### Records for processing

=====

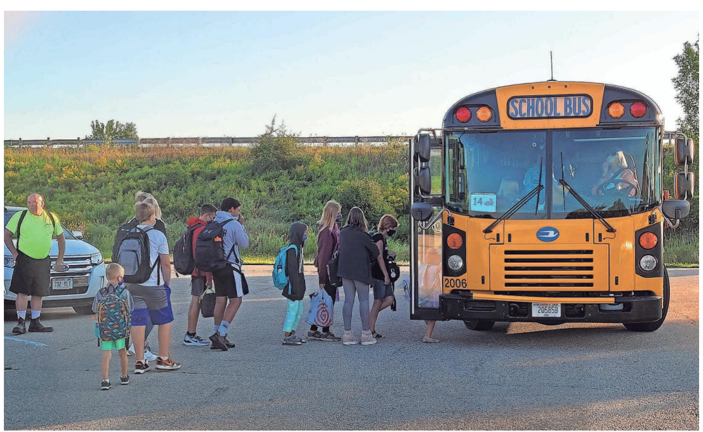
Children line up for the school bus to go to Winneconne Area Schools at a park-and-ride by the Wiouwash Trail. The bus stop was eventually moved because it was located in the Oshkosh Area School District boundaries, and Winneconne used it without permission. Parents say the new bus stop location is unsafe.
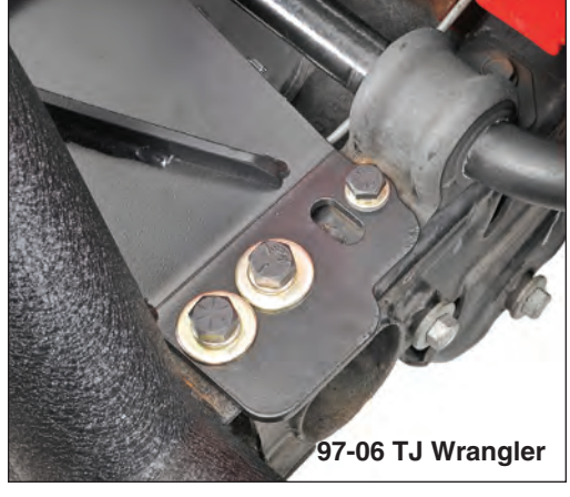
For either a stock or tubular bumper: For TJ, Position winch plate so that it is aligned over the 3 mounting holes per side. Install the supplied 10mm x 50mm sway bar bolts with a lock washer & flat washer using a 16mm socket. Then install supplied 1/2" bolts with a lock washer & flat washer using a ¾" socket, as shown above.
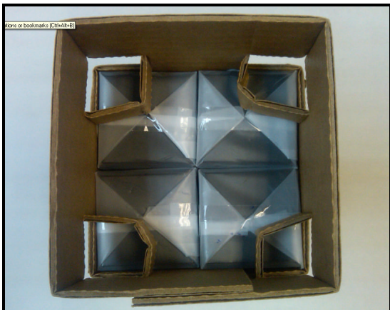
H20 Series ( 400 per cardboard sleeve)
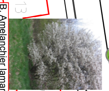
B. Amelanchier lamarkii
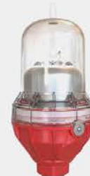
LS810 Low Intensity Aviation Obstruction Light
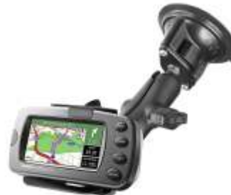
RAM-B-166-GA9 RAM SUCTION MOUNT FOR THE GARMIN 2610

=====

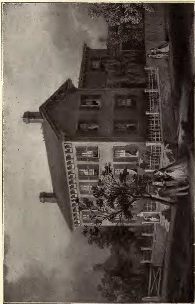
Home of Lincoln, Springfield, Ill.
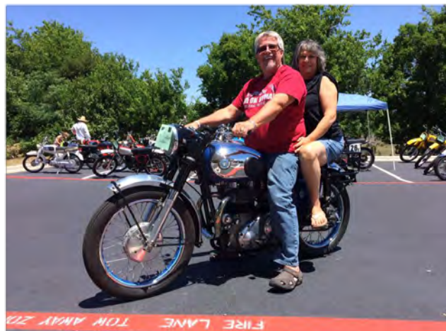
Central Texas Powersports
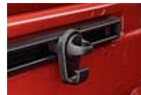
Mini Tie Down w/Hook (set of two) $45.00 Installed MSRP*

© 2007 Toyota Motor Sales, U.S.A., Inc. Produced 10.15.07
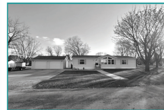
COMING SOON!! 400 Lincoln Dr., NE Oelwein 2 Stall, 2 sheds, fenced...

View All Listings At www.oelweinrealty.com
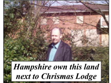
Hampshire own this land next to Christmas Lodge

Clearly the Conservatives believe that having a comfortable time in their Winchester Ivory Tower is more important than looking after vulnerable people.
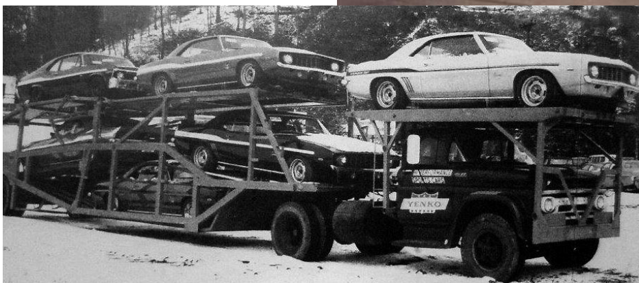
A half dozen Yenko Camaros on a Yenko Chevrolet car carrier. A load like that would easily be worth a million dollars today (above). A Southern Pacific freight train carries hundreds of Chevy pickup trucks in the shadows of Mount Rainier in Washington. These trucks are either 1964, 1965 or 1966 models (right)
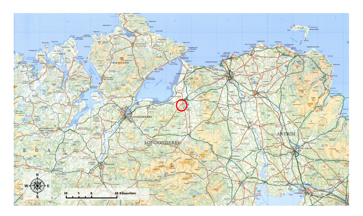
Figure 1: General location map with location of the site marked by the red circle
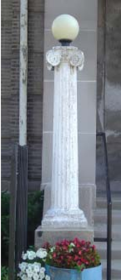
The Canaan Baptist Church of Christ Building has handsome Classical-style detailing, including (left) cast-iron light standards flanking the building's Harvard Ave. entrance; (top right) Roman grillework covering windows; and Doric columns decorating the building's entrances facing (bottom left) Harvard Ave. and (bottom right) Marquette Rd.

=====

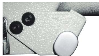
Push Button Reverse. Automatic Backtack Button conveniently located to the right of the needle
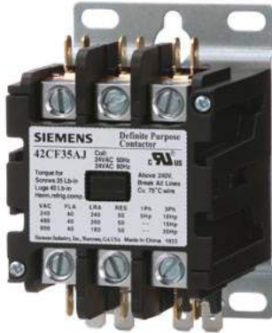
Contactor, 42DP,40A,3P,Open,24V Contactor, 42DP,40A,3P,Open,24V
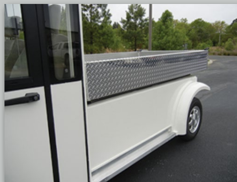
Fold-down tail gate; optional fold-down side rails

=====

### Work to complete
Would you write out exactly the lines above, starting at the line containing "Home of Lincoln, Springfield, Ill." and stopping after the line containing "The Canaan Baptist"? Omit the pictures.

### Output of the exercise
Home of Lincoln, Springfield, Ill.
Central Texas Powersports
Mini Tie Down w/Hook (set of two) $45.00 Installed MSRP*

© 2007 Toyota Motor Sales, U.S.A., Inc. Produced 10.15.07
COMING SOON!! 400 Lincoln Dr., NE Oelwein 2 Stall, 2 sheds, fenced...

View All Listings At www.oelweinrealty.com
Hampshire own this land next to Christmas Lodge

Clearly the Conservatives believe that having a comfortable time in their Winchester Ivory Tower is more important than looking after vulnerable people.
A half dozen Yenko Camaros on a Yenko Chevrolet car carrier. A load like that would easily be worth a million dollars today (above). A Southern Pacific freight train carries hundreds of Chevy pickup trucks in the shadows of Mount Rainier in Washington. These trucks are either 1964, 1965 or 1966 models (right)
Figure 1: General location map with location of the site marked by the red circle
The Canaan Baptist Church of Christ Building has handsome Classical-style detailing, including (left) cast-iron light standards flanking the building's Harvard Ave. entrance; (top right) Roman grillework covering windows; and Doric columns decorating the building's entrances facing (bottom left) Harvard Ave. and (bottom right) Marquette Rd.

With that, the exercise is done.